Résumé
Le contexte politique nécessite une alternative du retour au monocéphalisme exécutif en Haïti, laquelle est consacrée par l’arrêté du 7 février 2026. Il ne saurait être appréhendé comme une rupture conjoncturelle de l’ordre constitutionnel. Il s’inscrit plutôt dans une dynamique plus profonde de dégradation normative et institutionnelle, marquée par l’affaiblissement progressif des mécanismes de contrôle et d’équilibre du pouvoir. Cette évolution révèle la prééminence de l’effectivité politique sur la validité formelle des normes constitutionnelles, mettant en question la portée réelle de l’Exécutif bicéphale instauré par la Constitution de 1987 amendée.
Introduction
Le rétablissement d’un Exécutif monocéphale en Haïti par l’arrêté du 7 février 2026 s’inscrit dans un contexte de fragilisation prolongée de l’ordre constitutionnel. Loin de constituer un événement isolé, cette reconfiguration du pouvoir exécutif révèle un processus ancien de délitement institutionnel et de neutralisation des mécanismes de contrôle constitutionnel. Le problème réside en cela dans l’écart croissant entre la validité formelle des normes et leur effectivité politique réelle. Dès lors, quelle est la valeur juridique de l’exécutif bicéphale consacré par la Constitution de 1987 amendée, dans un État où les garants de la normativité sont défaillants ? Je soutiens l’hypothèse que le monocéphalisme actuel constitue l’aboutissement d’un rapport de force politique travesti en légalité, soulevant un enjeu majeur de crédibilité constitutionnelle et de survie de l’État de droit.
La perception dominante, qui voudrait faire croire à une continuité juridique normale, masque en réalité un rapport de force politique travesti en légalité, rappelant la distinction kelsénienne entre validité formelle et effectivité du pouvoir normatif (Kelsen, 1962, p. 215). Ce constat appelle une interrogation fondamentale : dans un État où les instruments de contrôle constitutionnel sont neutralisés, quelle est la valeur réelle de la norme et de l’exécutif bicéphale prévu par la Constitution de 1987, amendée en 2011 ?
La Constitution haïtienne repose explicitement sur un exécutif bicéphale, articulé autour de la relation entre président de la République et Premier ministre, qui suppose l’existence d’un Parlement capable de ratifier et de contrôler l’action gouvernementale (Articles 133 à 159, Constitution de 1987 amendée 2011, pp. 47-68). Or, comme l’a montré l’expérience post-2018, l’absence prolongée du Parlement a vidé la fonction de Premier ministre de sa substance constitutionnelle, la transformant en centre autonome de décision, indépendant de tout contrôle politique interne. Hannah Arendt insistait sur ce point : le pouvoir, pour exister, ne repose pas sur la norme seule, mais sur la capacité d’agir dans un espace où l’autorité n’est plus contestée et où l’obéissance devient implicite (Arendt, 1970, p. 44). L’exemple haïtien illustre que le vide institutionnel devient une ressource stratégique, permettant à l’exécutif monocéphale de s’installer, non par légitimation populaire, mais par occupation pragmatique des interstices institutionnels.
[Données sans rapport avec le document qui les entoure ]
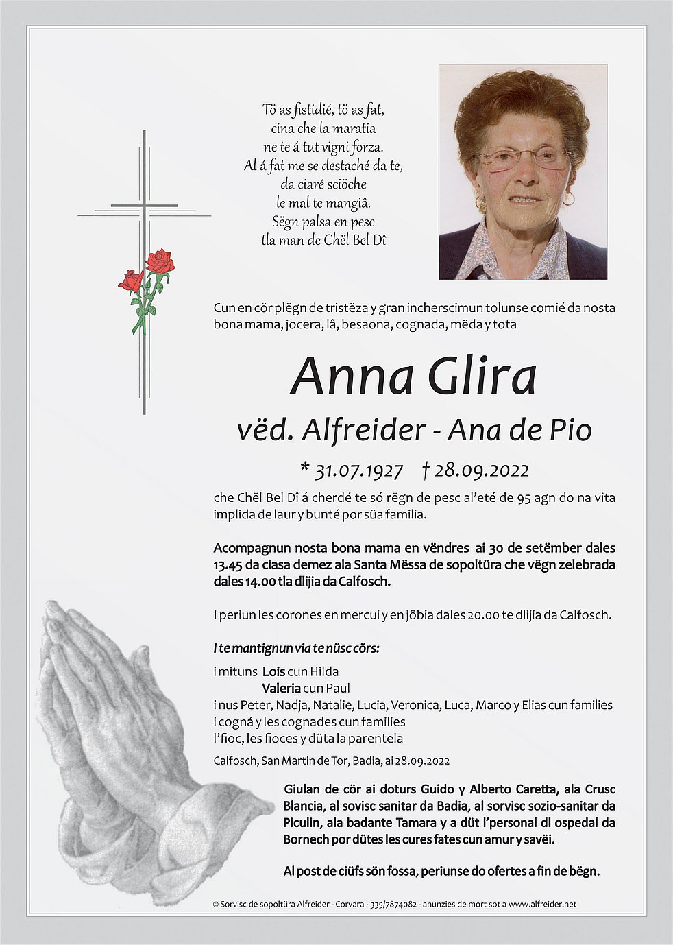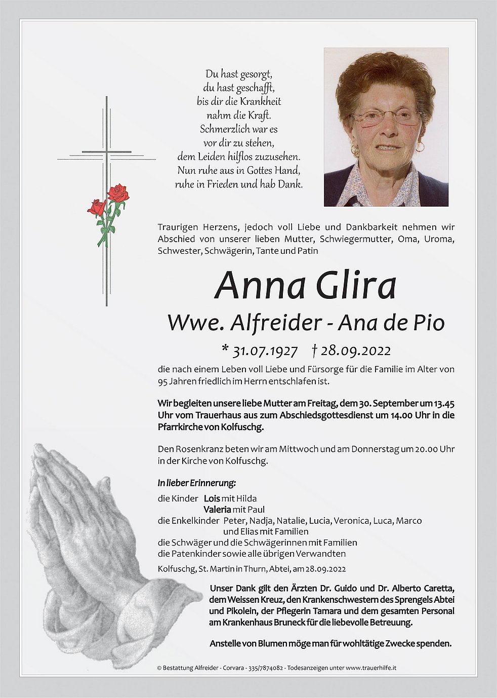 Wir begleiten unsere liebe Mutter am Freitag, dem 30. September um 13.45 Uhr vom Trauerhaus aus zum Abschiedsgottesdienst um 14.00 Uhr in die Pfarrkirche von Kolfuschg.
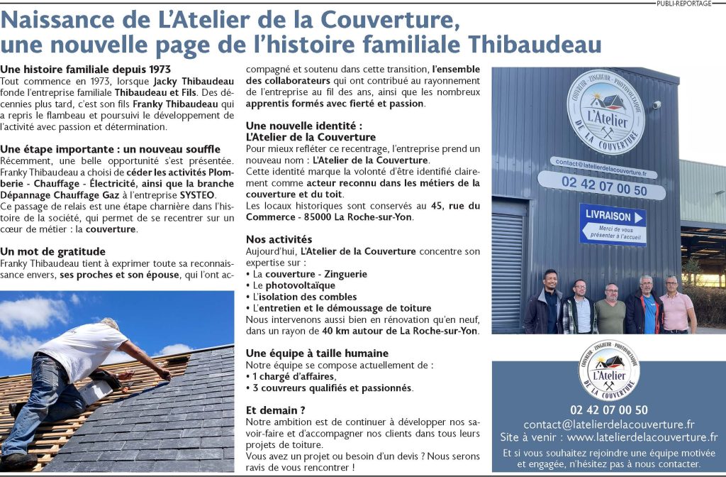 Avec plus de 40 ans d’expérience, L’ATELIER DE LA COUVERTURE vous accompagne dans tous vos projets de couverture, zinguerie, isolation des combles et installation de panneaux photovoltaïques.
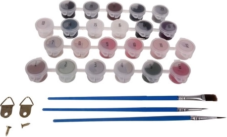 - Plátno na dřevěném rámu, sada akrylových barev, 3 × štětec, vzor/miniatura obrazu, 2 × háček + šroubky, 2 × bezstopý háček
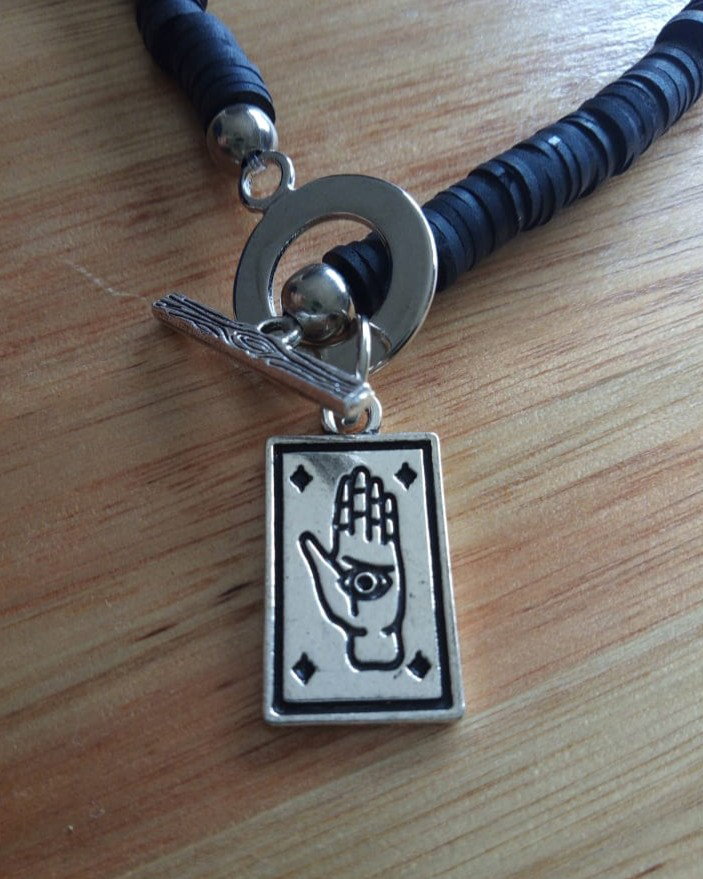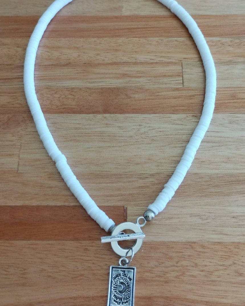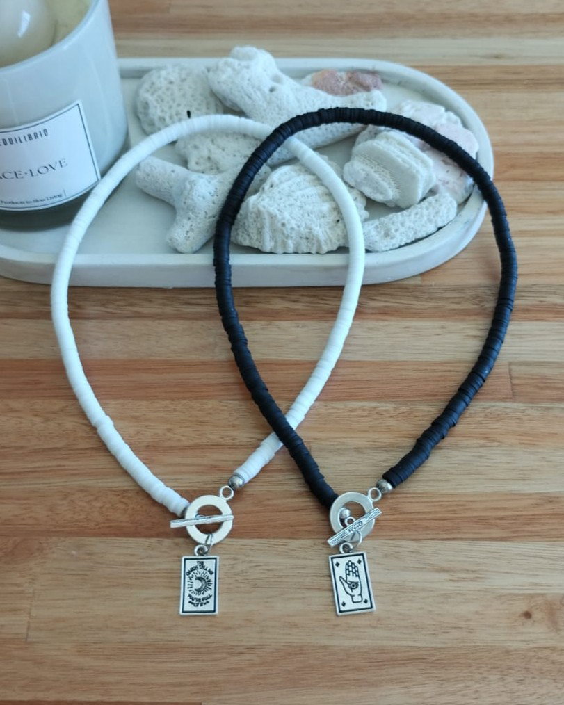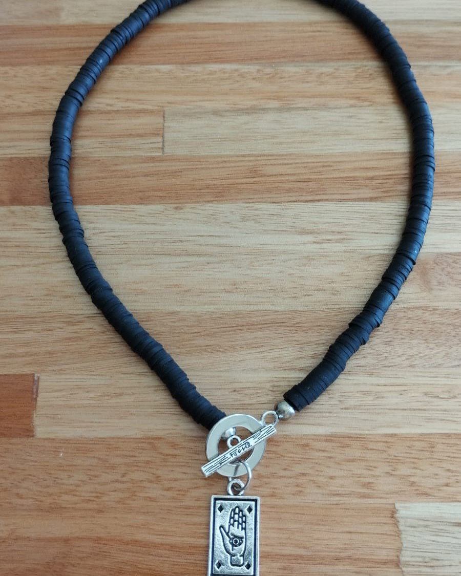 Collar corto de fimo con dije de fundición y cierre marinero. Viene con cadena de alargue.

L’Accord politique du 3 avril 2024, qui a institué le Conseil présidentiel de transition (CPT), n’a jamais eu valeur constitutionnelle. Il s’agissait d’un instrument politique temporaire, reconnu de facto par la communauté internationale, mais juridiquement subordonné à la Constitution. Son article 24 prévoyait explicitement que, à l’expiration du mandat du CPT, la continuité de la transition serait assurée par le Conseil des ministres, présidé par le Premier ministre, ce qui a servi de justification au transfert de pouvoirs au Premier ministre le 7 février 2026 (Accord du 3 avril 2024, p. 12). Ainsi, le monocéphalisme actuel n’est pas une rupture brutale, mais une exploitation calculée des failles du dispositif transitoire, révélant la tension entre ordre juridique formel et logique du pouvoir réel, pour reprendre la formule de Carl Schmitt : « La constitution n’est pas la norme, elle est la décision qui fonde l’ordre juridique » (Schmitt, 1928, p. 37).
Alix Didier Fils-Aimé n’a pas conquis ce pouvoir par un acte de force classique, mais par une stratégie d’occupation des vides institutionnels, combinée à une négociation étroite avec l’international, notamment les États-Unis, devenus de facto l’arbitre ultime de l’exécutif haïtien. Ce cas illustre la thèse de Rousseau selon laquelle la souveraineté populaire, lorsqu’elle est confisquée, est remplacée par une autorité qui gouverne sans mandat explicite, mais avec un consentement tacite de ceux qui détiennent le monopole de la force et de la légitimité internationale (Rousseau, 1995, p. 112). Comme le souligne Sonet Saint-Louis dans son analyse du 7 février 2026, le pouvoir réel ne réside plus dans les institutions nationales, mais dans l’instance étrangère qui arbitre et valide les décisions (Saint-Louis, 2026, p. 3).
Cette situation offre une illustration contemporaine de la réflexion de Montesquieu sur la séparation des pouvoirs et les risques de concentration excessive. Montesquieu avertissait que « tout homme qui a du pouvoir est porté à en abuser ; il ne faut donc que par la disposition des choses empêcher qu’un même homme ou un même corps de magistrature exerce des fonctions contraires » (Montesquieu, 1990, p. 127). En Haïti, le monopole exécutif concentré dans les mains d’un seul individu, sans contrepoids législatif ni judiciaire effectif, confirme que l’absence de freins institutionnels favorise l’excès, l’arbitraire et l’affaiblissement de la souveraineté populaire. Le contrôle judiciaire existe par principe via la Cour de cassation et la CSCCA, mais la subordination de ces institutions au pouvoir exécutif et au consentement international limite leur efficacité réelle (Constitution de 1987 amendée 2011, Art. 174-178, p. 79-83).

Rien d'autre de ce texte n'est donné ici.